AIM OF THE EXERCISE: Could you give back exactly the lines below from the one with "Zircon Diamond studded" through the one with "Crocifisso compatto con", without a single picture?

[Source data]
-- Opening Marker --
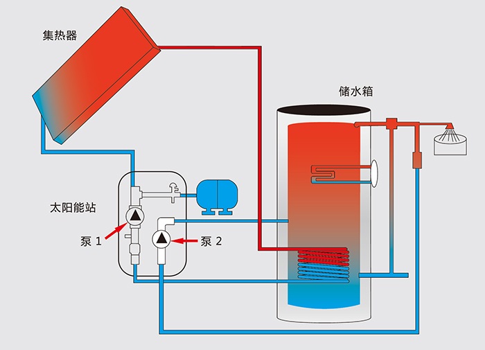 太陽集熱器與儲熱水箱循環系統采用防凍介質,能耐-40°C低溫,適用性強;
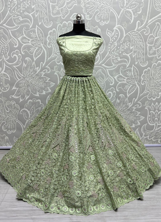 Zircon Diamond studded With Handwork Mirror attached Designer Party wear Pista Lehengacholi
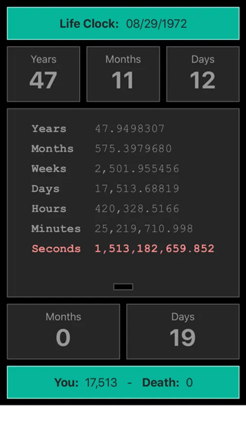 Additionally, this app shows how long you've been alive in terms of calendar time, as well as the time until your next birthday.
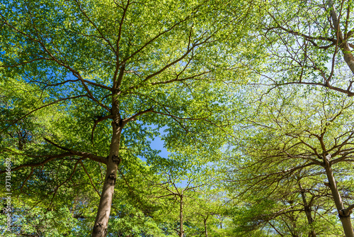 Fototapeta premium Lush green trees in the park
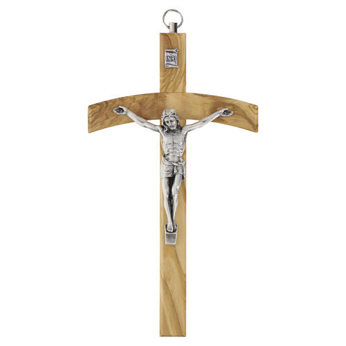 Crocifisso compatto con croce in ulivo e braccio orizzontale arcuato, corpo in metallo argentato, altezza 17 cm.
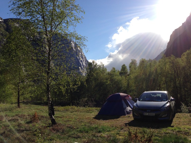 Nope. It was high season and although we acquired a rental car just fine, every hotel in Stavenger was either sold out or $500 USD per night. Aaron at one point was willing to splurge. Being our anniversary, he tried everything he could to find us a room. We drove around in our rental car making phone calls for hours. I was finally able to convince him that it really was OK if we slept in the car, even if it was our anniversary (I kind of liked the idea to be honest- you know, in the spirit of adventure). He finally agreed to end the search and we made our way out to a fairly secluded spot, put sheets up in the windows (OK so not everything ended up fitting in the duffle), and called it a night.
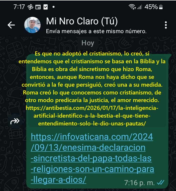 Cometí el error de defender la fe en la Biblia, pero por ignorancia. Sin embargo, ahora veo que no es el libro guía de la religión que Roma persiguió, sino de la que creó para complacerse con el celibato. Por eso predicaron un Cristo que no se casa con una mujer, sino con su iglesia, y ángeles que, a pesar de tener nombres masculinos, no parecen hombres (saca tus propias conclusiones). Estas figuras son afines a los falsos santos, besadores de estatuas de yeso, y similares a los dioses grecorromanos, porque, en realidad, son esos mismos dioses paganos con otros nombres.
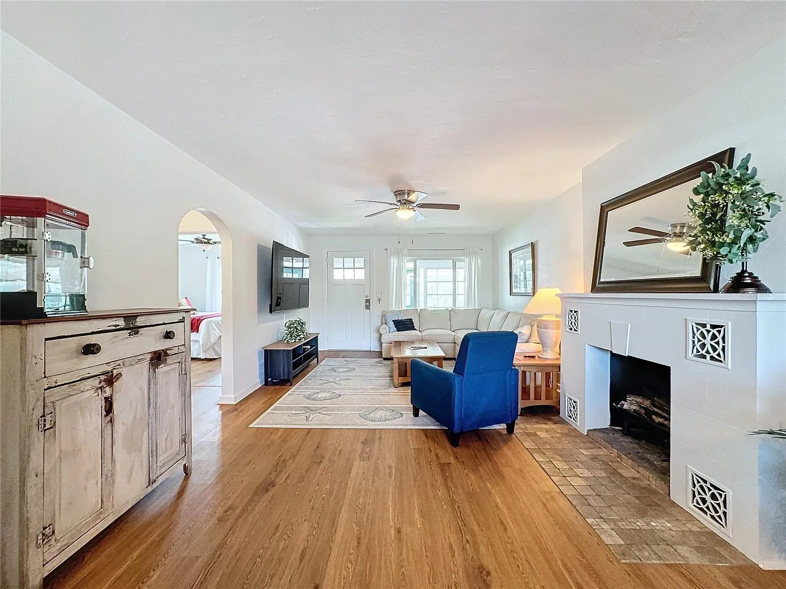 Step into the spacious enclosed porch, ideal for a home office. The roomy living room features elegant arches and stylish wood-look flooring that flows throughout the home, complemented by a cozy wood-burning fireplace for chilly evenings. The sunny dining room, with its large windows overlooking the backyard, is perfect for family meals and entertaining. The updated kitchen, which opens to the dining room, boasts white shaker cabinets, quartz countertops, and stainless-steel appliances.
-- Closing Marker --
ANSWER TO THE PROBLEM:
 Zircon Diamond studded With Handwork Mirror attached Designer Party wear Pista Lehengacholi
 Additionally, this app shows how long you've been alive in terms of calendar time, as well as the time until your next birthday.
 Fototapeta premium Lush green trees in the park
 Crocifisso compatto con croce in ulivo e braccio orizzontale arcuato, corpo in metallo argentato, altezza 17 cm.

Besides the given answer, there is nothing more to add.